Кри-Кри - страница 50

стр.

— Мадлен! — сказал Жако; голос его стал совсем беззвучным. — Я вспомнил о канализационной трубе, про которую говорил маленький Бантар…

— Правильно, Жако, желаю тебе удачи! — Мадлен протянула ему руку для прощального пожатия. — Иди скорей, а я никуда не пойду.

— Мадлен! — вскричал Жако.

Краска гнева окрасила вдруг его бледное лицо. В глазах появились огоньки. Безмолвно подчинявшийся до сих пор Мадлен, он вдруг почувствовал себя более сильным, чем эта девушка, которая всегда восхищала его своей отвагой. Но сразу он не мог найти подходящих слов, чтобы выразить свое возмущение внезапно проявленным ею малодушием. Он схватил Мадлен за руку и насильно потащил за собой.

— Идем! — сказал он тоном приказа. — Идем, дорогой объяснимся. Нельзя терять ни минуты. Ты погубишь и меня и себя. Дойдем до колодца, а потом решай…

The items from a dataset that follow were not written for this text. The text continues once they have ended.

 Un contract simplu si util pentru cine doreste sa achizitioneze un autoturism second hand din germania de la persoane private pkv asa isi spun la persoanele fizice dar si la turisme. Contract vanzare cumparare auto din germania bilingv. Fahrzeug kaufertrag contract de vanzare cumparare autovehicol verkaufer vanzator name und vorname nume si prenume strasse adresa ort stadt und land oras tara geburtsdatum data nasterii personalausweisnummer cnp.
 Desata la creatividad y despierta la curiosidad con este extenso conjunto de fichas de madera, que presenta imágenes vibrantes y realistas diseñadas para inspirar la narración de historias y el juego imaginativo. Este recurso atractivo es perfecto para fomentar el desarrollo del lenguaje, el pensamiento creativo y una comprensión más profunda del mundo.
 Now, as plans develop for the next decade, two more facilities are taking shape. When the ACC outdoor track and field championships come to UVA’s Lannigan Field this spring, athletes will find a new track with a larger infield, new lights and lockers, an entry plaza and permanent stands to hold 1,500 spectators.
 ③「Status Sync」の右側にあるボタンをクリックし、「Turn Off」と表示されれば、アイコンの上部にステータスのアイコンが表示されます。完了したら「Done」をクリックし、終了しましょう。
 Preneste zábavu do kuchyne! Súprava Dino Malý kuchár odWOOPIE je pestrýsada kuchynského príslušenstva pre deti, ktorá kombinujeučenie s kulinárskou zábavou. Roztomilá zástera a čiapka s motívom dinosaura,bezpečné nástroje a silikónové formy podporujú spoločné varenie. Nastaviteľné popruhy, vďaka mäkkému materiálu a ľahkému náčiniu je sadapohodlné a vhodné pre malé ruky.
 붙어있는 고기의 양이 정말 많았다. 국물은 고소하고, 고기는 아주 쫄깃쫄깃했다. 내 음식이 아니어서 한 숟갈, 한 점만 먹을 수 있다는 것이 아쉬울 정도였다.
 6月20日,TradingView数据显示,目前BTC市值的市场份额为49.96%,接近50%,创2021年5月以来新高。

Мадлен не сопротивлялась. С минуту они шли молча. Город медленно пробуждался, хотя на башне мэрии часы показывали только четыре часа утра. Жители нерешительно приоткрывали ставни и окна и робко выглядывали на улицу. Но из домов никто не торопился выходить. На одном из перекрестков они увидели конный патруль. Охота за человеческими жизнями еще не началась. Генералы, во власть которых Тьер передал на несколько дней город для полного восстановления в нем «порядка», еще спали. Они были спокойны, зная, что намеченные жертвы от них не уйдут. Укрываясь в воротах от проезжающих патрулей, Жако и Мадлен приближались к зданию мэрии. Рядом с ней находился двор с подземным ходом, о котором говорил им Кри-Кри.

Мадлен вспоминала о своем знакомстве с Люсьеном, о своей беззаветной любви к нему, о доверии, за которое она и ее товарищи поплатились так жестоко…

«Неужели и меня он не любил? Неужели я для него была только ширмой?»

Мадлен покраснела, как будто опасаясь, что кто-нибудь может прочесть ее мысли. С тревогой она оглянулась на Жако.

Жако по-своему понял взгляд Мадлен. «Силы человеческие, — подумал он, — имеют предел, в особенности силы женщины… Надо поддержать Мадлен во что бы то ни стало». Вслух же он произнес:

— Конечно, самым легким было бы для тебя сесть здесь, посреди улицы, и с презрением, или, вернее, безразличием, смотреть в лицо жандармам, которые вдоволь поиздеваются над тобой, прежде чем прикончить. Но так поступают самоубийцы, а не борцы. Ты на меня не пеняй, если я скажу тебе прямо, что думаю: ты была невольной соучастницей предательства Люсьена, а теперь сознательно хочешь изменить знамени, на котором написано: «Борьба до конца!»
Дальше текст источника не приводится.